Air Chief Marshal Sir Francis Joseph Fogarty, (16 January 1899 – 12 January 1973) was a senior commander in the Royal Air Force (RAF) during the Second World War and also in the post-war years. During the First World War he served as a pilot in the Royal Flying Corps. He was transferred to the RAF on its creation in 1918 and remained in the service during the inter-war years.

==Early life and career==
Francis Fogarty was born in Cork, Ireland, on 16 January 1899 and educated at Farranferris College. In 1917, he joined the Royal Flying Corps as an air mechanic. However, he was soon selected for training as a pilot and was commissioned as a second lieutenant. In 1918, Fogarty served as a pilot on No. 98 Squadron, participating in the Battle of Amiens but having to land with engine trouble before he could bomb German airfields or rail lines.

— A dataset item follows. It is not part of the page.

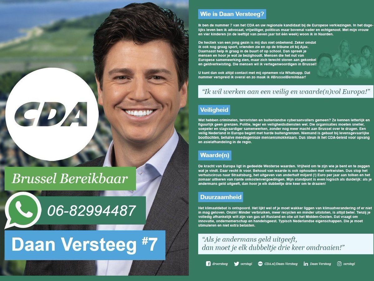 Onze Kandidaat voor het Europees Parlement uit Noord-Holland @verstegi heeft een goed programma en hij brengt de EU dichtbij! U kunt hem altijd bereiken! Stem @cdaeuropa op 23 mei!

Remaining in the RAF after the war, Fogarty was soon to see active service again, this time in Iraq. He was posted to No. 84 Squadron, where he continued operational flying gaining a mention in despatches and receiving the Distinguished Flying Cross in 1922 for distinguished service. After spending the mid-1920s as a qualified flying instructor at No. 2 Flying Training School, Fogarty returned to Iraq and No. 84 Squadron in 1928 as a flight commander.

The first half of the 1930s saw Fogarty return to Great Britain, initially as the adjutant and qualified flying instructor on No. 601 (County of London) Squadron and then a short time later carrying out the same roles on No. 604 (County of Middlesex) Squadron, which he was instrumental in establishing with the assistance of a warrant officer and 19 airmen. In 1935, he took up his first command appointment as the Officer Commanding No. 84 Squadron back in Iraq before returning to Great Britain in 1937 to serve on the air staff of the recently formed Bomber Command. The following year he was appointed Officer Commanding No. 37 (Bomber) Squadron at Feltwell in Norfolk.

==Second World War==
Promoted to wing commander in 1938, Fogarty was advanced to group captain in 1940 and, around the same time, appointed Station Commander of RAF Mildenhall, a bomber station. While at Mildenhall, he appeared in the film "Target for To-night", which won a special Academy Award. On 8 September 1941, he was appointed to lead No. 8 (Bomber) Group within Bomber Command.

In 1943, Fogarty was a member of the RAF mission to Ottawa, and in August 1944, he became the Senior Air Staff Officer at the headquarters of No. 4 Group. Towards the end of the war, he was promoted to acting air vice marshal and made the Air Officer Administration for the Mediterranean Allied Air Forces.

==Post-war==
After the war, Fogarty was appointed Air Officer Commanding RAF Italy before becoming Air Officer Administration of the RAF Mediterranean and Middle East command in 1946. The following summer, he returned to Great Britain to become the Senior Air Staff Officer at Headquarters Flying Training Command and received a substantive promotion to air vice marshal. From 1949 to 1952, he was Air Officer Commanding-in-Chief the Far East Air Force, dealing with the challenges of the Malayan Emergency and receiving promotion to air marshal in 1950. From 1952 to the end of 1956, he was the RAF's Air Member for Personnel, gaining his final promotion to air chief marshal towards the end of 1953. He retired in January 1957.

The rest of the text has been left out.